Piccolo Teatro

We spend a lot of time looking outward.

At expectations. At what other people are doing, saying, or thinking. We compare, we react, we adjust. Most of our day is shaped by everything happening around us.

But we rarely stop and look inward.

There aren’t many moments in the day where it’s just you and your thoughts.
No noise. No distractions. No one else’s opinions.
Just you.

And in those moments, something interesting happens—you start asking questions. Not out loud, not for anyone else… just internally. Quietly.

Those questions—that’s self-reflection.

It’s the ability to pause and ask yourself honest questions about who you are, where you’re going, and whether you’re actually okay with that. Not the quick answers you give out loud… but the real ones you sit with when it’s just you and your thoughts.

And the truth is, that’s not always easy.

Because self-reflection requires honesty. And honesty can be uncomfortable.

Most people don’t avoid change.
They avoid thinking about what needs to change.

Self-reflection forces you to slow down, to look at yourself without distractions, and to answer questions you don’t usually give yourself time to consider.

Not the easy answers. The honest ones.

Because if you can’t be real with yourself, it becomes a lot harder to make real decisions about your life.

Most people don’t spend enough time there.

When I was in college, I once sat in on a seminar called “The Art of Self-Reflection.”

Now, that might not sound strange—unless you know I was an art student at the time. So yeah… fair question: why was I there?

Truth is, I don’t have a great answer.

I’ve always been a reflective person. I just never really did anything with it—until I became a teacher. Then it stopped being optional.

Now? It’s part of my day.
I call him that guy in the mirror.

So back to the seminar.

The professor didn’t start with a lecture. No slideshow. No long explanation.

He walked to the front of the room, opened a box, and pulled out a stack of small locker mirrors. Then he handed them out.

They didn’t look like anything special.

Just small, rectangular mirrors. Scratched at the edges. A little cloudy from fingerprints. The kind you’d expect to find at the bottom of a backpack.

When people got them, a few laughed.

Someone in the back said, “What is this, Snow White?”

The professor didn’t smile.

He just said:

“These mirrors are different. They know when you’re lying.”

That got a reaction—some laughs, a few eye rolls. Most people didn’t take it seriously.

Then he added:

“You can lie to me.
You can lie to your classmates.
You can even lie out loud.

But when you’re looking at yourself… you’ll know.”

That changed the room.

No one laughed after that.

He told us there were only three questions.
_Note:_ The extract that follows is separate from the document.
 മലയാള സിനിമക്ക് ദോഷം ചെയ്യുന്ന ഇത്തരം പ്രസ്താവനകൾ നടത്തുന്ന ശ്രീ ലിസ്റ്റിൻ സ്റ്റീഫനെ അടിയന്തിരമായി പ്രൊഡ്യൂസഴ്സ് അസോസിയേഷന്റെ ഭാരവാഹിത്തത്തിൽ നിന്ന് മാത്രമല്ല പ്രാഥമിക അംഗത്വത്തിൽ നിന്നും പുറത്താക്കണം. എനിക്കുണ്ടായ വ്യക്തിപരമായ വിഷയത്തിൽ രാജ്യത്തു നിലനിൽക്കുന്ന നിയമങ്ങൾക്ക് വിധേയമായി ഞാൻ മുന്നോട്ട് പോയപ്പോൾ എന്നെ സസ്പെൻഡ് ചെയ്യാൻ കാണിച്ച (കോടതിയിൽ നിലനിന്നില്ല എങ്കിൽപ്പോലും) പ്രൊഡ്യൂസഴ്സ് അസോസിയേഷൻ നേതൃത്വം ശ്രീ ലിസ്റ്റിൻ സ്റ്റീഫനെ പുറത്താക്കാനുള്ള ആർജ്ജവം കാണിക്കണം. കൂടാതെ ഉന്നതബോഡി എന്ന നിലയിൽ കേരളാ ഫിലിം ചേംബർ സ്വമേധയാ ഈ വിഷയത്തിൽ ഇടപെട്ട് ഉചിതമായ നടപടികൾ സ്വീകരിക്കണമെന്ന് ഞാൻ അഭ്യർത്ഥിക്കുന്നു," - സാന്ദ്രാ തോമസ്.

Simple ones. The kind you think you can answer without even trying.

But he gave one instruction:

“Don’t just hear your answers.
Listen to them.”

The questions were:

Do you like what you see?
Are you happy with where your life is headed?
What would you change to make things better?

He read them slowly. One at a time.

Then he stepped back.

And just like that, it was quiet.

Not forced quiet—the kind that settles in when people realize something real is about to happen.
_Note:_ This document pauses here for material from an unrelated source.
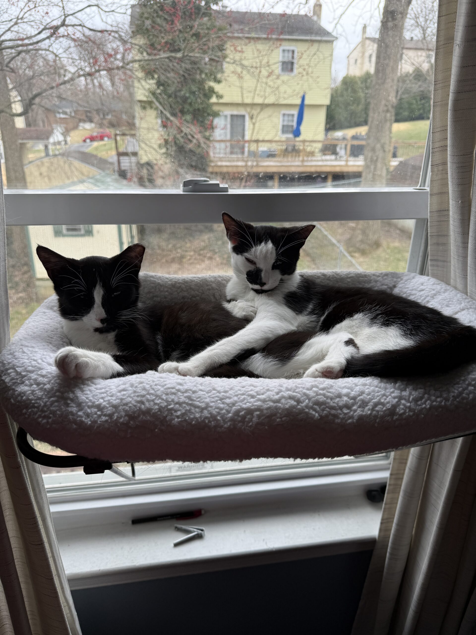 Puff and Skippy grew up in one of the harshest places a kitten can start life: a South Philly fish market where the nights were freezing, the days were loud, and survival depended on whatever their parents could pull from a dumpster. Their mom and dad did everything they could — foraging through trash, dodging traffic, bringing scraps back to their babies — but there was no shelter, no warmth, no safety. Just concrete, cold wind, and hunger.

One by one, we looked down.

Not at a worksheet.
Not at a phone.
At ourselves.

At first, it felt easy.

You tell yourself what you’ve always said.
You repeat the same answers.
You stay on the surface.

But the longer you look… the harder it gets.
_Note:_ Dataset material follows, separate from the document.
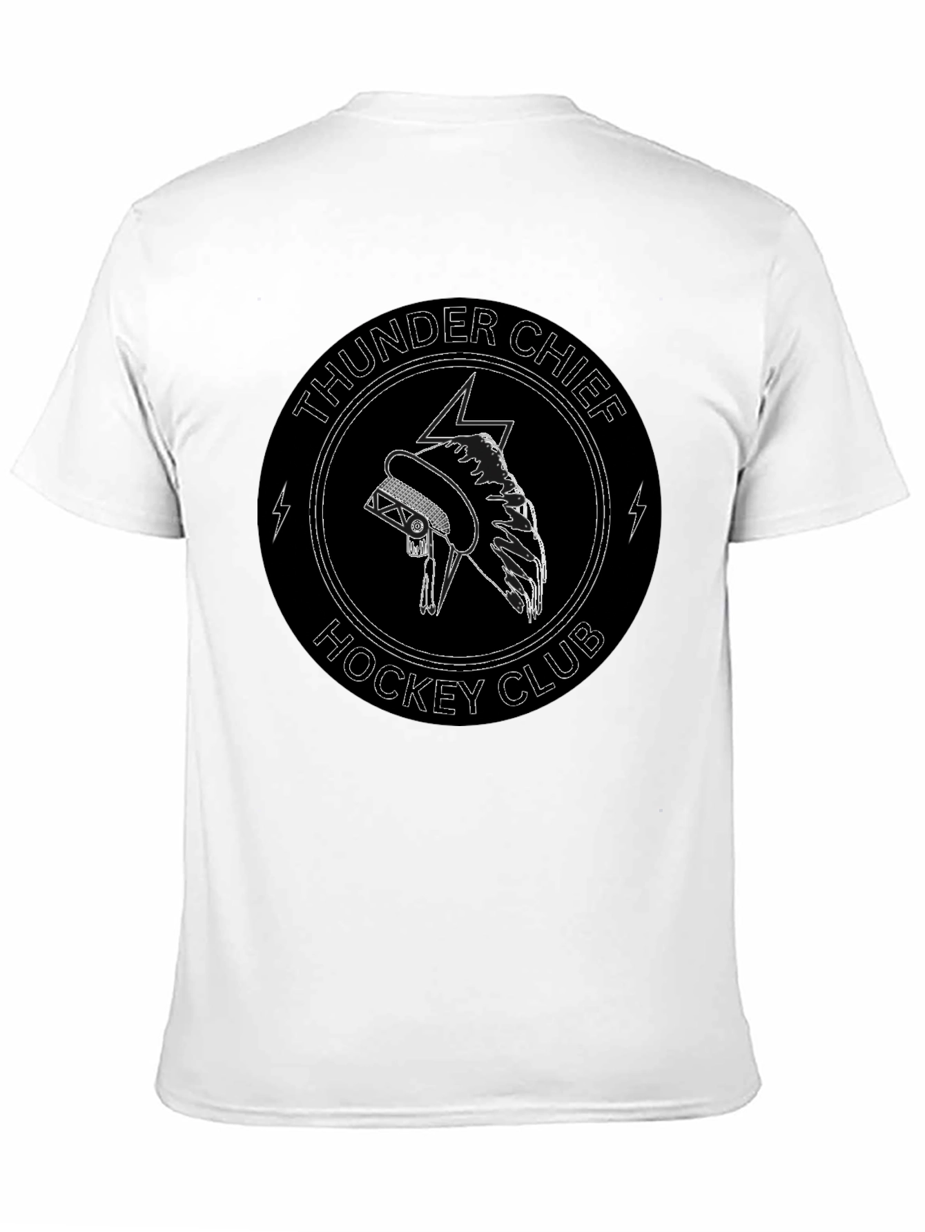 Show off your hockey spirit with this classic black t-shirt! Featuring a unique circular graphic of a Native American headdress with a lightning bolt, encircled by the words "Thunder Chief Hockey Club," this tee is perfect for players and fans alike. The crisp white design pops against the dark backdrop, making a bold statement. Made from comfortable materials, this t-shirt is ideal for everyday wear, game days, or casual outings. Support your team in style!

Because the mirror doesn’t just show your face.

It shows hesitation.
It shows doubt.
It shows the moment right before you decide whether to be honest… or comfortable.

Some people looked away quickly.
Some stared longer than they expected.
Some didn’t answer right away.

And some… didn’t look at all.

And that was the point.

After a while, the professor spoke again. Quieter this time.

“The most important conversations you’ll ever have… won’t be with other people.”

Then he said: “I’m not asking you to answer out loud. Just think about this…”

Did anyone struggle to answer honestly?
Which question was hardest—and why?
What did you notice about yourself that you don’t usually think about?

No one spoke.

Some stared into the mirror.
Some stared at their hands.
Some turned the mirror face down.

A few had tears in their eyes.

He tapped the desk lightly.

“The most important conversations you’ll have will be the ones you have with yourself.”

That stayed with me.

Self-reflection isn’t a one-time thing. It changes. It grows with you.

Your answers today won’t be your answers tomorrow—and that’s not failure. That’s movement. That’s growth.

The goal isn’t perfection.

It’s honesty.

It’s learning to sit in that moment—just you and your thoughts—and not look away.

Because once you can do that…

you can start to change things.

Self-reflection isn’t something most people practice enough anymore.
Life moves fast. It gets loud. It stays busy.

And in all of that noise, it becomes easier to look everywhere else… than to look inward.

Maybe the most honest moments we have are the ones we don’t share with anyone else.
The ones where nothing is being performed, nothing is being filtered, nothing is being said out loud.

Just thought.

And maybe the problem isn’t that we don’t know how to reflect.

It’s that we don’t slow down long enough to do it.